**WHAT NEEDS TO BE DONE**
Output exactly the lines of the listing below that run from the line with "Schauinsland-Reisen-Arena 13.33 Uhr" through the line with "执行 npm run dev". No pictures.

ENTRIES PROVIDED Start Marker

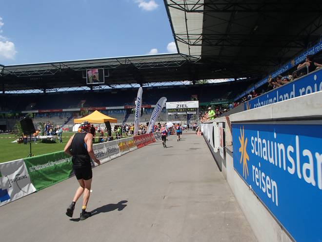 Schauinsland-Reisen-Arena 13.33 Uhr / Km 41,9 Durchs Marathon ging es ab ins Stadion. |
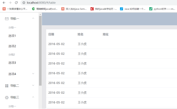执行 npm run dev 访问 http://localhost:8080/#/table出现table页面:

ENTRIES PROVIDED End Marker
ENTRIES PROVIDED Start Marker

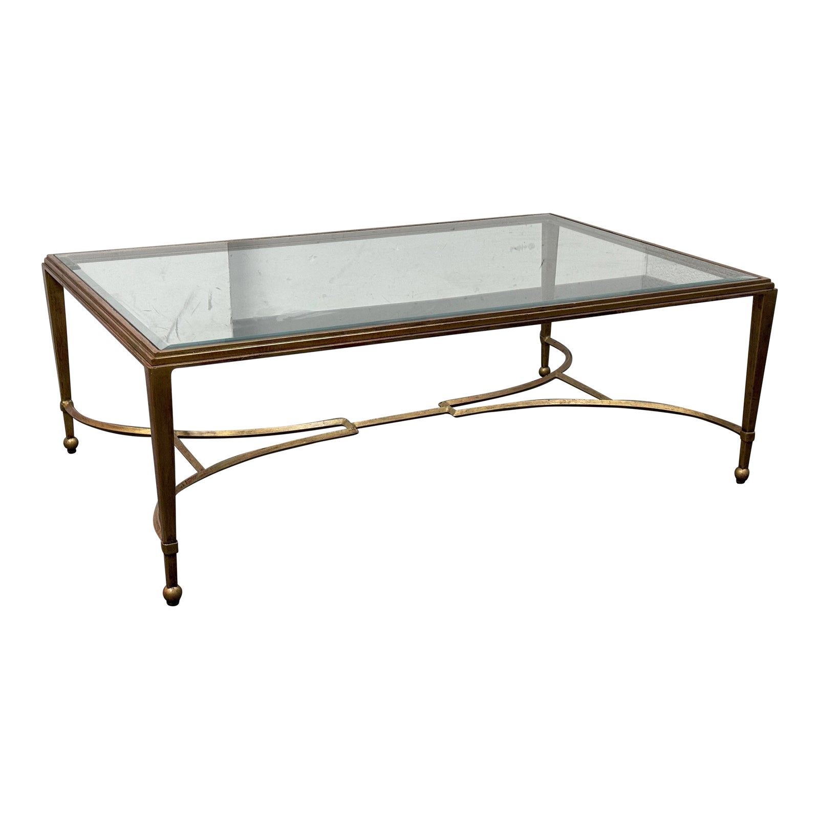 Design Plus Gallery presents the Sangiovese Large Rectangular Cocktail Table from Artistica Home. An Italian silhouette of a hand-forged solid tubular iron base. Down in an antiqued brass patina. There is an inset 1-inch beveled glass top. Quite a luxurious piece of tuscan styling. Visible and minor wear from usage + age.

ENTRIES PROVIDED End Marker

**RESULT OF THE EXERCISE**
 Schauinsland-Reisen-Arena 13.33 Uhr / Km 41,9 Durchs Marathon ging es ab ins Stadion. |
执行 npm run dev 访问 http://localhost:8080/#/table出现table页面:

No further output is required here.